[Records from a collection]
-- Opening Marker --
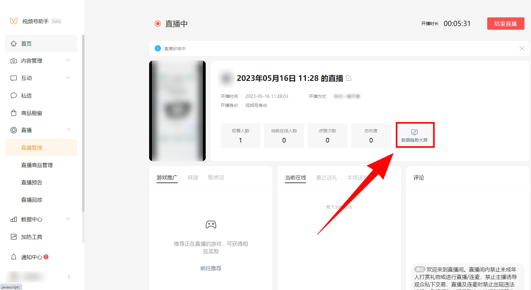 ②选择直播→点击【直播管理】→点击【数据趋势大屏】;
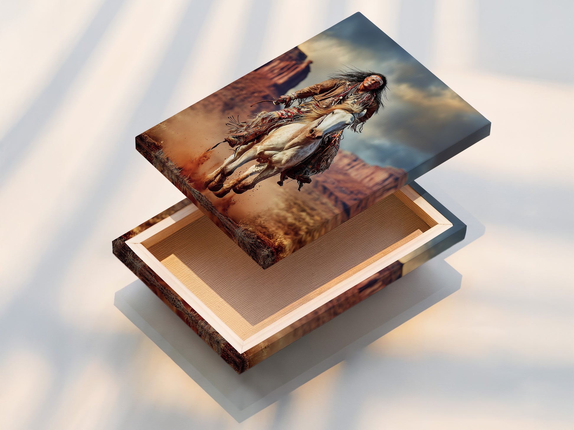 Native American Warrior Canvas Print - Western Horse Art, Southwestern Wall Decor for Office Man Cave
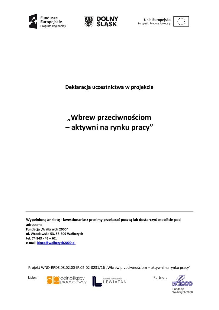 Deklaracja uczestnictwa w projekcie „Wbrew przeciwnościom – aktywni na rynku pracy” Wypełnioną ankietę - kwestionariusz prosimy przekazać pocztą lub dostarczyć osobiście pod adresem: Fundacja „Wałbrzych 2000” ul. Wrocławska 53, 58-309 Wałbrzych tel. 74 843 - 45 – 62, e-mail [email protected] Projekt WND-RPDS.08.02.00-IP.02-02-0231/16 „Wbrew przeciwnościom – aktywni na rynku pracy” Lider: Partner: Jeżeli jest Pan/Pani zainteresowany/a udziałem w projekcie „Wbrew przeciwnościom – aktywni na rynku pracy”, prosimy o zapoznanie się z informacjami umieszczonymi poniżej oraz wypełnienie Deklaracji uczestnictwa w projekcie, której dokładne i rzetelne informacje ułatwią proces rekrutacji. Projekt „Wbrew przeciwnościom – aktywni na rynku pracy” – adresowany jest do mieszkańców powiatów: lwóweckiego, jaworskiego, jeleniogórskiego ziemskiego, lubańskiego, złotoryjskiego, legnickiego ziemskiego, dzierżoniowskiego, kłodzkiego, wałbrzyskiego ziemskiego i ząbkowickiego w wieku powyżej 30 lat, pozostających bez zatrudnienia, w szczególnie trudnej sytuacji na rynku pracy, chcących zdobyć pracę. Warunkiem udziału w projekcie jest wypełnienie Deklaracji uczestnictwa w projekcie, spełnienie wymagań formalnych oraz pozytywne przejście procesu rekrutacji. Oświadczenie Ja …………………………………… ur. …………………… w ……………………………………….. jestem zainteresowany/a udziałem w projekcie „Wbrew przeciwnościom – aktywni na rynku pracy”. Jednocześnie oświadczam, że: zapoznałem /am się z warunkami udziału w projekcie, zostałem/am poinformowany/a, że projekt „Wbrew przeciwnościom – aktywni na rynku pracy” uzyskał dofinansowanie w ramach Regionalnego Programu Operacyjnego Województwa Dolnośląskiego 20142020 współfinansowanego ze środków Europejskiego Funduszu Społecznego, wyrażam zgodę na udział w postępowaniu rekrutacyjnym, mam świadomość, że w przypadku zakwalifikowania do udziału w projekcie, jestem zobowiązany/a do uczestnictwa w proponowanych formach wsparcia, a rezygnacja z nieuzasadnionych przyczyn, skutkować będzie koniecznością zwrotu przeze mnie kosztów mojego udziału w projekcie, wyrażam zgodę na gromadzenie, przetwarzanie i przekazywanie moich danych osobowych, w tym danych wrażliwych w ramach bazy danych związanych z realizowaniem zadań Instytucji Zarządzającej przez Zarząd Województwa Dolnośląskiego w ramach RPO WD 2014-2020 oraz dalszego powierzenia przetwarzania danych osobowych w ramach centralnego systemu teleinformatycznego wspierającego realizację programów operacyjnych w związku z realizacją Regionalnego Programu Operacyjnego Województwa Dolnośląskiego 2014-2020. W związku z powyższym mam świadomość celu zbierania tych danych, prawie wglądu do swoich danych oraz możliwości ich poprawiania. ………………………………………….. ( Miejscowość , data) ………………………………………………………………………………………... (Czytelny podpis) Projekt WND-RPDS.08.02.00-IP.02-02-0231/16 „Wbrew przeciwnościom – aktywni na rynku pracy” Lider: Partner: KWESTIONARIUSZ (prosimy o czytelne wypełnienie) I. DANE OGÓLNE Płeć ……………………….. Imię/ona ………………………………………………………………………..… Nazwisko ………………………………………………………..…… PESEL …………………………………………… Data i miejsce urodzenia …………………………………..……………………………………….. Imiona rodziców: matki …………………………………………………..…. ojca ……………………………………………………………..……… Adres zamieszkania Miejscowość …………………………………….……………….. Kod pocztowy ………………………………………………………….……… Ulica, nr …………………………………………………………….. Powiat …………………………………………………………….……….……… Tel. kontaktowy ……………………….………………………….. e-mail ………………………………………………………………..……….….. Liczba dzieci na utrzymaniu …………………………….. Sytuacja gospodarstwa domowego (dochód na 1 członka rodziny)…………………………………………………………………… II .WYKSZTAŁCENIE Poziom dotychczasowego wykształcenia: Podstawowe Średnie ( ogólne, zawodowe) Zawodowe Wyższe( licencjat, magisterskie) 1. nazwa szkoły …………………………………………………………………………………………………………………………………. - kierunek kształcenia ………………………………………………………………..…………………………………………………... - zawód wyuczony w systemie szkolnym ……………………………………………………..…………………………………. - uzyskany dyplom/tytuł ………………………………………………………. Data ukończ. ………………………….………. 3. Ukończone kursy/ szkolenia (daty): ……………………………………………………………………………………......................................................................... ……………………………………………………………………………………………………………………………………………….……….... Projekt WND-RPDS.08.02.00-IP.02-02-0231/16 „Wbrew przeciwnościom – aktywni na rynku pracy” Lider: Partner: III. SYTUACJA ZAWODOWA - Status na rynku pracy: osoba bezrobotna (1.osoba zarejestrowana w PUP lub 2.pozostająca bez pracy i gotowa
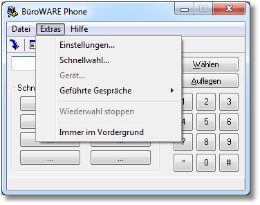 << Hier KLicken um eine Inhaltsübersicht anzuzeigen >> Navigation: OfficePlaner > Telekommunikation/BüroWARE Phone > Oberfläche und Bedienung > Das Menü |
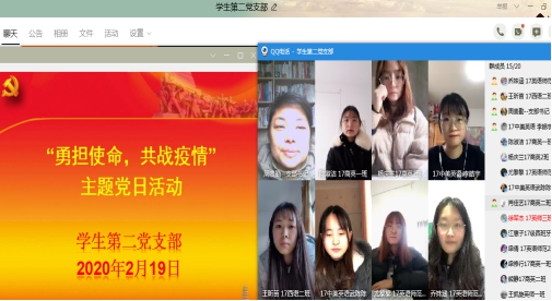 为切实强化疫情防控工作,切实发挥党支部战斗堡垒作用和党员先锋模范作用,在疫情防控阻击战的关键时期,allwincity万象城学生第二党支部于2月19日下午线上开展“勇担使命,共战疫情”主题党日活动。本次党日活动由学生第二党支部书记周贵勤老师主持开展,支部党员参加。
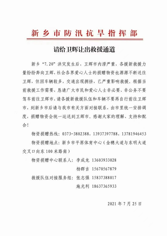 此前的7月25日,新乡市防汛抗旱指挥部发布了《请给卫辉让出救援通道》的通知,通知显示,目前河南新乡卫辉内涝严重,因车辆较多,交通出现拥挤,已严重影响救援。
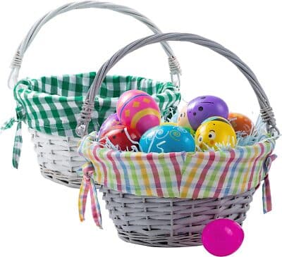 Our easter rattan baskets includes 2 Woven Wicker Baskets with Handle. MULTIPLE USAGES. These baskets are great for Easter Eggs Hunt. EASY TO USE. Our natural woven baskets are made from high-quality Reusable Materials.
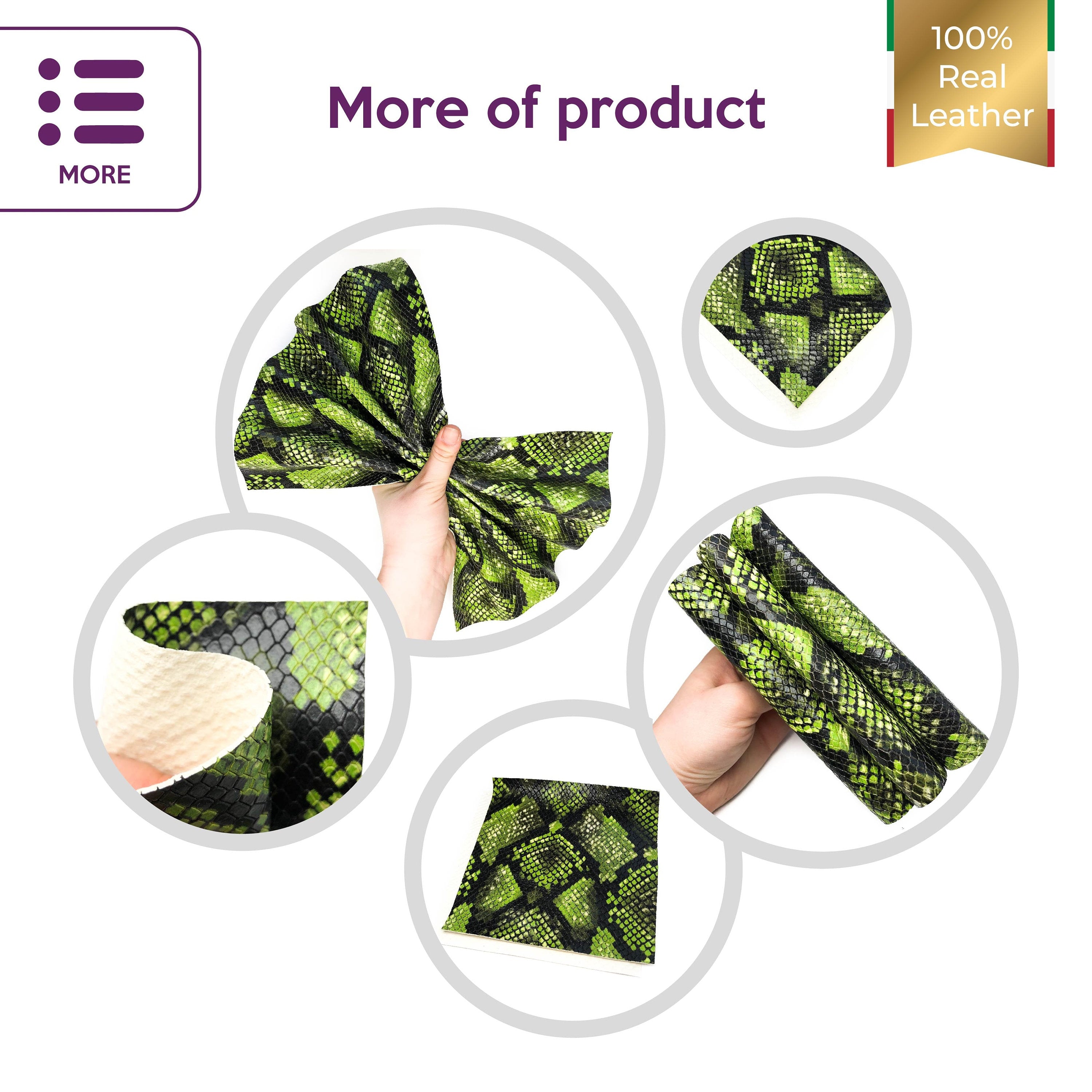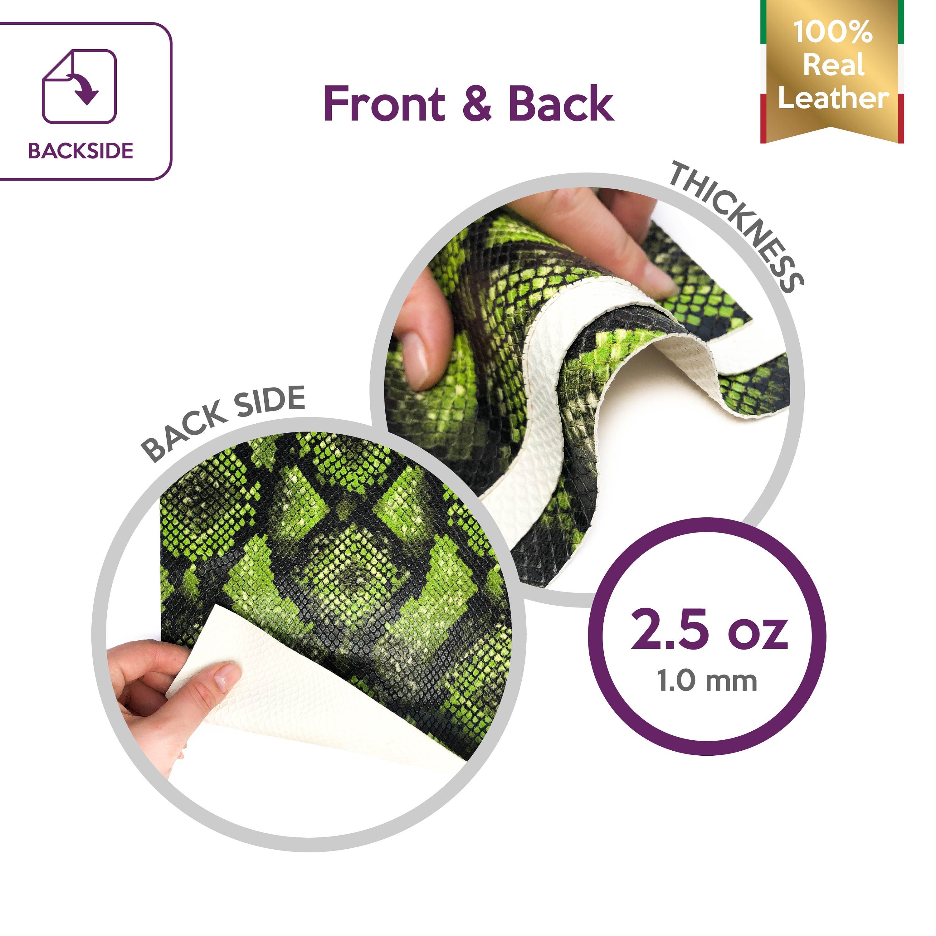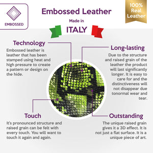 High-quality lambskin leather sheets with snake print. Neon leather pieces with shiny polished snake texture for your best projects! Our mission is to provide only the best quality Italian leather samples...
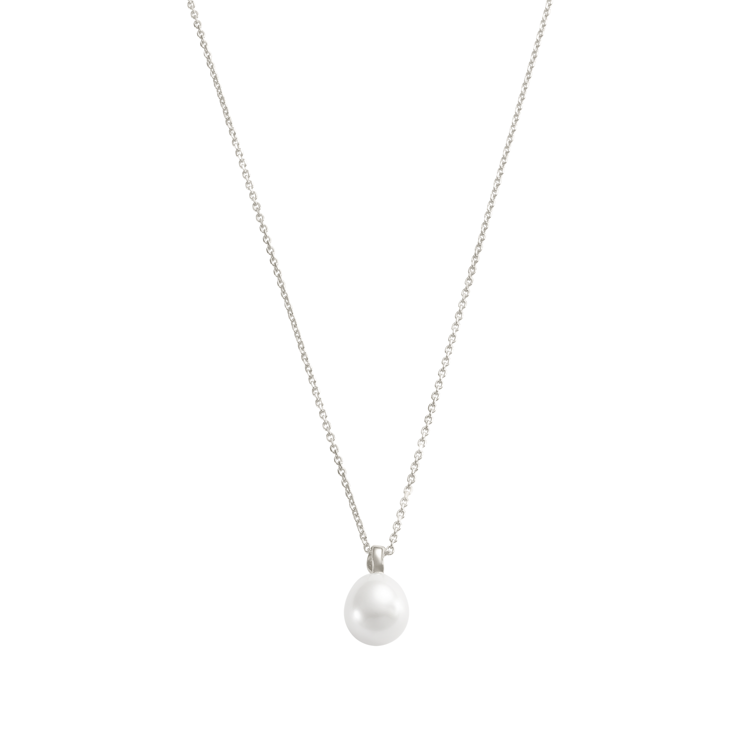 The Maris Pearl Necklace showcases a suspended pearl, delicately floating on a fine, long chain.
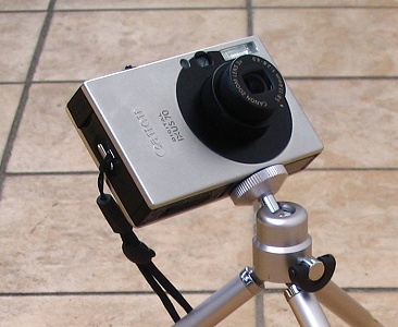 Abbildung 1) Canon IXUS 70 auf Ministativ: Mit dieser handlichen Kombination wurden die meisten Aufnahmen für die Beispiellichtkurven gewonnen. Für die gewählte Belichtungszeit von 15 Sekunden ist keine Nachführung erforderlich. Die Kombination ist immer dabei und in Sekunden aufnahmebereit. Das Gesamtgewicht beträgt nur 230 Gramm. Eine ideale "Reisesternwarte"...
-- Closing Marker --
§ INSTRUCTIONS FOR THE TASK
Your task is to reproduce exactly the lines from the start of the data above through the line containing "Native American Warrior", leaving every picture out.

§ COMPLETED TASK
 ②选择直播→点击【直播管理】→点击【数据趋势大屏】;
 Native American Warrior Canvas Print - Western Horse Art, Southwestern Wall Decor for Office Man Cave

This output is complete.